Выходить из палаты чаще, следить за собой, быть аккуратнее с острыми предметами, что-то еще… Самое сложное — первый пункт. Нужно периодически мелькать у медсестер перед глазами, показывая, какой я и что со мной…
Блин! Как раз это меня и беспокоило больше всего, неужели они не понимали? Как мне могло помочь то, что меня нервирует?
Остальные пациенты тоже будут наблюдать за мной, за моими идиотскими ритуалами, которых стало так много. В замкнутом пространстве среди чужих людей моя тревога только усиливалась. А медсестры еще и передадут информацию врачам — и мне придется точно лежать тут больше месяца. Иногда казалось, что мое время пребывания здесь летело в бесконечность…
И только мысли о том, что им не было выгодно меня лечить, утверждали, что конец когда-нибудь все равно настанет, и меня выпустят.
Всему когда-нибудь придет конец, только будет он счастливым или нет — неизвестно. Жизнь — это не фильм и не книга, когда уже заранее предусмотрено, чем все закончится. Несчастье всегда чувствуется остро. А счастье — расплывчато и уязвимо. Что могло быть счастьем для меня — я и не хотел знать. Без его осознания проще — ведь тогда ты лишаешься еще одного разочарования в жизни.
Также жизнь не делится на черное и белое, на добро и зло. Слишком много оттенков, которые сбивают с толку. Иногда я их путал, иногда они запутывали меня. Будто я всегда был слепым, а тут внезапно прозрел и ничегошеньки не понимал. Добро и зло — вообще относительны. Люди считают, что убить человека — зло. Но если дело доходит до насильника или маньяка — то можно. Добро не делается без выгоды: даже просто подав мелочь, ты тешешь свою самолюбие, добавляя плюсик в карму.
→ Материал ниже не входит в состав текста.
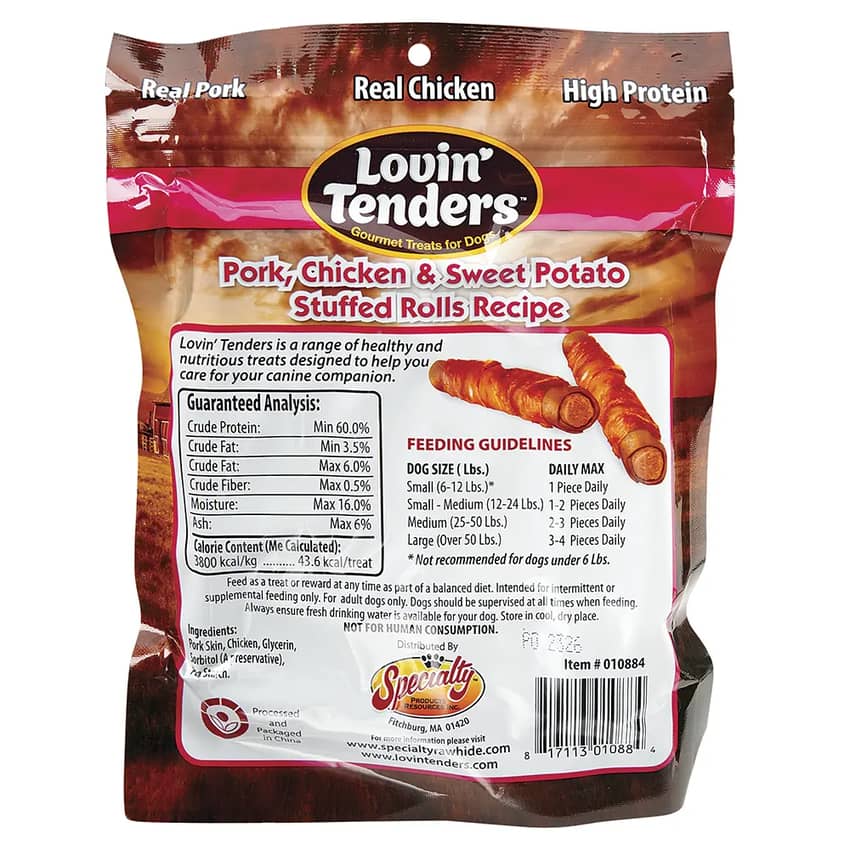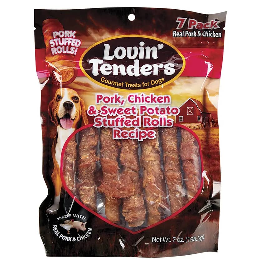 Lovin' Tenders Pork, Chicken & Sweet Potato Stuffed Roll Dog Treats, 7 Count
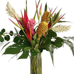 Our Large Tropical Centerpieces are shipped directly from our environmentally friendly and socially responsible farms - guaranteeing your centerpieces will be made using only the highest quality, freshest flowers available. In fact, the farm that produces these beautiful centerpieces plants every seed themselves, and harvests each bloom by hand on land that they have rescued from injured areas of the Rainforest. By purchasing these centerpieces, not only will you have the most beautiful tropical centerpieces available, your purchase will help promote reforestation of the Rainforest with its native flora. The flowers used to make up our mini-centerpieces are very long-lasting - however, for best results, we recommend you follow our Tropical Centerpiece Care Instructions below.
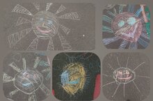 При рисовании асфальтными мелками дети испытывают совсем другие ощущения, чем при работе с карандашом и кисточкой на бумаге.

Будто накопив миллион плюсиков ты получишь возможность переродиться в следующей жизни.
Я никогда не считал себя добрым. Злым — тоже не считал. Ведь не мог же я быть каким-то одним. Всегда все вперемешку. Нельзя было переходить только на одну сторону: моим добром легко воспользоваться, а вот злом… А зло могло бы довести меня до электрического стула, пусть сейчас у нас и не было смертной казни в стране. Может, так оно и было бы, если бы не моя мать со своими «вырастешь плохим, если не…».
Хотя я прекрасно и сам казнил себя каждый день.
Для меня всегда добро регулировать было проще, чем зло. Первое я мог контролировать для своих же интересов, а второе — будто заноза в заднице. Оно мне часто могло пригодиться, но воспользоваться им у меня редко получалось.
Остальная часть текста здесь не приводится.